Abgesehen davon, dass die Analogsensoren bereits vereinfachte Integrationsmöglichkeiten für Kunden bieten, unterstützt die Isabellenhütte intensiv bei der technischen Implementierung der Sensoren. Der Service umfasst im Vorfeld die thermische Simulation der Sensoren sowie der kompletten Baugruppe mit angebundenen Stromschienen. So kann beurteilt werden, ob in der jeweiligen Anwendung z. B. ein etwas höherer Widerstand geeignet sein könnte, um ein besseres Messsignal zu erzielen. Oder es sollte ein niedrigerer Widerstand gewählt werden, weil sich das Bauteil zu sehr erwärmt. Ebenso unterstützen die Experten beim Auslesen und der Verwendung des Data-Matrix-Codes. Anhand des sogenannten „Mission Profiles“ des Kunden kann das Dillenburger Unternehmen auf Wunsch Simulationen über die Alterung der Sensoren über Lebensdauer durchführen, was u.a. bei Energiespeichersystemen relevant ist, da diese meist über 10 bis 15 Jahre im Einsatz sind und dauerhaft gute Ergebnisse liefern müssen. Auch bei der Anbindung an die Stromschienen des Kunden gibt die Isabellenhütte Hilfestellung.

Alternative Messmöglichkeiten: blanke Shunts oder Pin-Abgriff

Wenn Hauptplatine und Shunt nah beieinander liegen, bietet sich als Alternative zum Analogsensor ein blanker Busbar-Shunt an. Der Vorteil liegt darin, dass keine zusätzlichen Steckverbinder oder Kabel konfektioniert werden müssen, sondern der Shunt direkt aufgelötet wird. Hier liegt jedoch gleichzeitig der Nachteil, dass die Platzierung der Lötpads entscheidenden Einfluss auf das Messergebnis hat und es hier zu Abweichungen kommen kann. Da der Trend im Batteriepack mehr und mehr dazu geht, Hauptplatine und Shunt getrennt voneinander zu platzieren, ist der Analogsensor die bequemere Alternative.

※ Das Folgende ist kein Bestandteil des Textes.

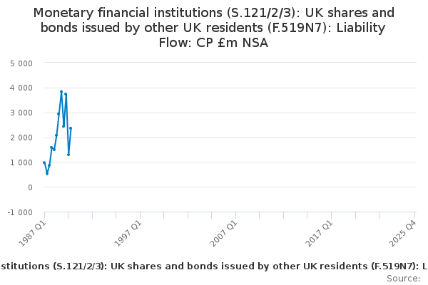 Download this time seriesMonetary financial institutions (S.121/2/3): UK shares and bonds issued by other UK residents (F.519N7): Liability Flow: CP £m NSA
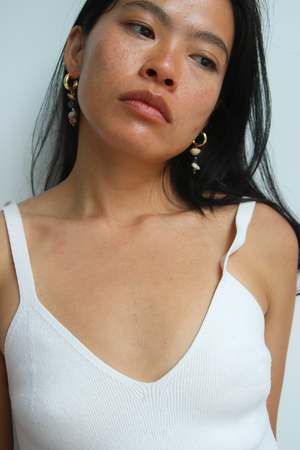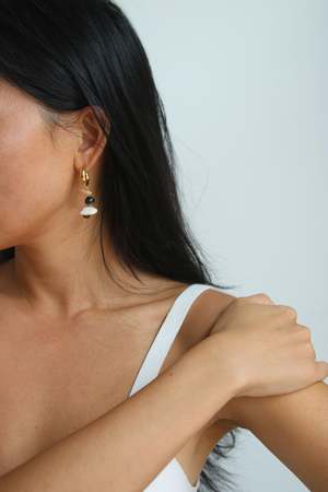 14k gold plated over 9.25 sterling silver hoops featuring red pearls, tiger's eye, and shells sourced from Australia and Miami.
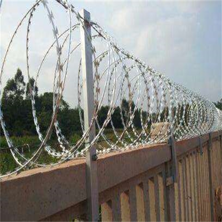 鋁包鋼刀片刺繩也叫生銹刀片刺繩是由鋁包鋼絲為原料生產的一種新興刀片刺繩,其產品較一般刀片刺繩來說質量輕、強度高、美觀、耐用。  主線采用250絲的純鋼絲,外面再包上50絲的鋁,這樣可以防止生銹。鋁的比重是鐵的三分之一左右,鋁包鋼刀片刺繩是純鋁絲制作的,刺繩的切口也不會因此而生銹的,這樣解決了刀片刺繩工序中的一大難題,雖說鋁的價格高高在上但是比重低,單位米數會長,合成本比普通熱鍍鋅差不多少的。以后大家需要在環境十分惡劣的情況下又有了一種新的選擇。

Eine weitere, höher integrierte Messlösung gegenüber dem blanken Shunt ist ein Busbar-Shunt mit aufgeschweißten Pins, auf die Kunden ihre eigene Platine aufpressen oder auflöten können. Die Pins sind bei Shunts dieser Art bei der Isabellenhütte so platziert, dass eine gute Erfassung der Messwerte gewährleistet werden kann. Allerdings ist durch den Abstand der Platine zum Shunt keine exakte Temperaturmessung und Kompensation des Temperaturkoeffizienten mehr möglich. Gerade im Hochvoltbereich ist eine zuverlässige Temperaturerfassung jedoch unerlässlich, sodass Analogsensoren die bessere Wahl sind.

Verfügbarkeit der Analogsensoren

Der BSS ist bereits in Produktion und kann mit Werten von 100 und 50 µOhm erworben werden. Beim BSX sind C-Muster im dritten Quartal 2025 erhältlich und der SOP für das erste Quartal 2026 geplant; ähnliches gilt für den BSN: C-Muster in Q3 2025 und der SOP Ende Q4 2025. Beim BSL können C-Muster auf Anfrage geliefert werden. Bei kundenspezifischen Anpassungen beträgt die Lieferzeit für B-Muster in der Regel vier bis sechs Wochen nach technischer Klärung der Details. Generell gilt: Je geringer die Abweichungen vom Standard sind, desto kürzer fallen die Lieferzeiten aus. Den größten Einfluss hat hier das jeweilige Shunt-Design.